В продуктовом — кот наплакал; бродят крысы, бакалея.
Пряча твердый рог в каракуль, некто в брюках из барана
превращается в тирана на трибуне мавзолея.
Говорят лихие люди, что внутри, разочарован
под конец, как фиш на блюде, труп лежит нафарширован.
Хорошо, утратив речь,
встать с винтовкой гроб стеречь.
‘Не смотри в глаза мне, дева:
все равно пойдешь налево’.
‘У попа была собака’.
‘Оба умерли от рака’.
Входит Лев Толстой в пижаме, всюду — Ясная Поляна.
(Бродят парубки с ножами, пахнет шипром с комсомолом.)
Он — предшественник Тарзана: самописка — как лиана,
взад-вперед летают ядра над французским частоколом.
Се — великий сын России, хоть и правящего класса!
Муж, чьи правнуки босые тоже редко видят мясо.
Чудо-юдо: нежный граф
превратился в книжный шкаф!
‘Приучил ее к минету’.
‘Что за шум, а драки нету?’
‘Крыл последними словами’.
‘Кто последний?

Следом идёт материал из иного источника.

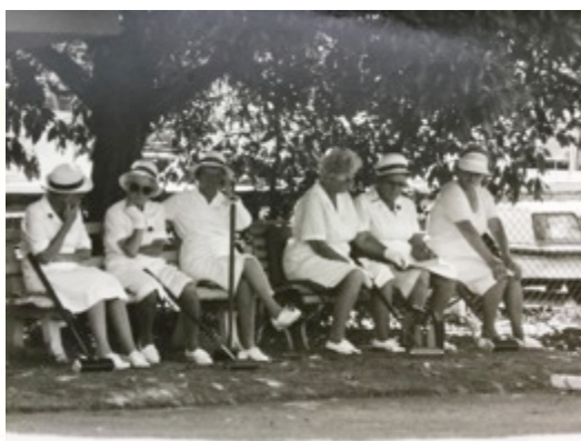
Left: Enjoying the shade at Caulfield Park: Caulfield Park Croquet Club, c.1979.
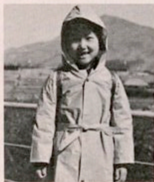
The sponsor of this happy boy sent a cash gift last year which was used to buy him a raincoat.
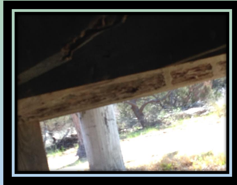
Unstable foundation and decaying beams
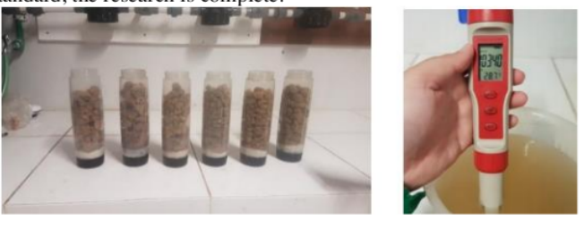
Figure 2. Testing and testing results

Figure 1. Research Method After the sample test results are known, the sample can be tested according to the amount of material to be used (Figure 2. The order of materials that have been tested can be seen in Table 1. The experiment is continued by preparing the material to be tested. This material preparation step is carried out by washing materials such as sand and gravel so that they are clean from dust or dirt. After the material is washed, it is followed by drying the material. After the material is inserted into the filter tube, the filter tube will be installed on a device that has been made with the specified material order. After the filter is installed, brackish water can flow through the filters from the material. After the sample is tested, the test results obtained will be tested (Figure 2). It will be checked whether the results comply with the predetermined standards or not. If the test results are not according to the standard, the experiment will be repeated with a different number of independent variables and if it is according to the standard, the research is complete.
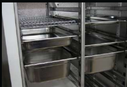
Adaptation of the device for GN containers (1/1, 1/2, 1/3, 2/3) applicable to upright refrigerated cabinets models Z-825 / Z-1600 (without a fan)
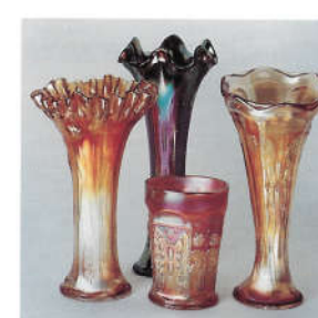
27. BUTTERFLY & BERRY
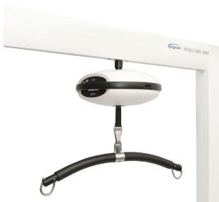
Luna ceiling hoist mounted on the Mobile Flex
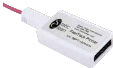
FastTack Charging Applicator

Please see separate datasheets for charging equipment specifications etc.

Я за вами’.
Входит пара Александров под конвоем Николаши.
Говорят ‘Какая лажа’ или ‘Сладкое повидло’.
По Европе бродят нары в тщетных поисках параши,
натыкаясь повсеместно на застенчивое быдло.

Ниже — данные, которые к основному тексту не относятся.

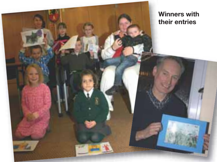
Winners with their entries

All received £20 gift vouchers. Congratulations!
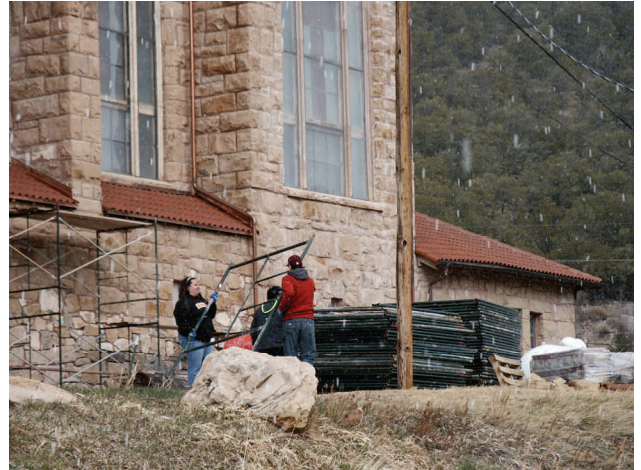
Texas Tech volunteers working in the snow.

They also spent a day working with our crew moving scaffolding and did not stop until the job was complete even though it snowed most of the day and was extremely cold.
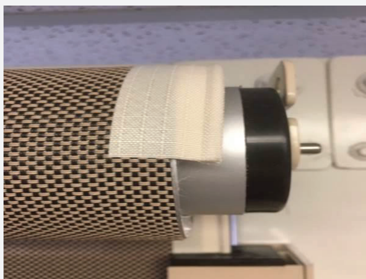
*Picture above of the slider positioned perfectly on the cut edge of the fabric

Check that the axle sliders are in line with the cut edge of the fabric. These sliders are the final key to tuning the bottom bar level. You can move the sliders inwards or outwards to adjust the balance of the bottom bar – for example, if the left-hand side of the bottom bar is sitting low, you can lower the blind to the bottom and get access to the axle, then shift the left-hand axle slider outwards towards the spline edge. You will notice that side now sits higher as you roll it back up. Continue to adjust both sliders until the bottom bar is level.
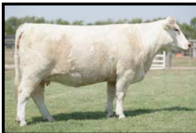
TR MS MONTELLA 1572Y PATERNAL GRANDDAM OF LOT 13
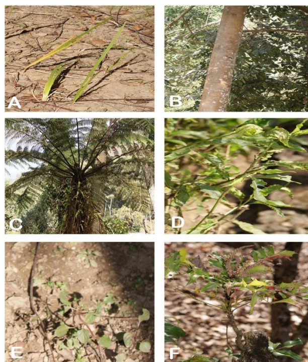
Figure 1: A= Acorus calamus ; B= Cinnamomum tamala ; C= Cyathea spinulosa ; D= Justicia adhatoda ; E= Mentha arvensis ; F= Mahonia napaulensis .

Medicinal uses: Bark and berries are stomachic, fever, and cough, dysentery.

Размышляя о причале, по волнам плывет ‘Аврора’,
чтобы выпалить в начале непрерывного террора.
Ой ты, участь корабля:
скажешь ‘пли!’ — ответят ‘бля!’
‘Сочетался с нею браком’.
‘Все равно поставлю раком’.
‘Эх, Цусима-Хиросима!
Жить совсем невыносимо’.
Входят Герцен с Огаревым, воробьи щебечут в рощах.
Что звучит в момент обхвата как наречие чужбины.
Лучший вид на этот город — если сесть в бомбардировщик.
Глянь — набрякшие, как вата из нескромныя ложбины,
размножаясь без резона, тучи льнут к архитектуре.
Кремль маячит, точно зона; говорят, в миниатюре.
Ветер свищет. Выпь кричит.
Дятел ворону стучит.
‘Говорят, открылся Пленум’.
‘Врезал ей меж глаз поленом’.
‘Над арабской мирной хатой
гордо реет жид пархатый’.
Входит Сталин с Джугашвили, между ними вышла ссора.
Быстро целятся друг в друга, нажимают на собачку,
и дымящаяся трубка… Так, по мысли режиссера,
и погиб Отец Народов, в день выкуривавший пачку.
И стоят хребты Кавказа как в почетном карауле.
Из коричневого глаза бьет ключом Напареули.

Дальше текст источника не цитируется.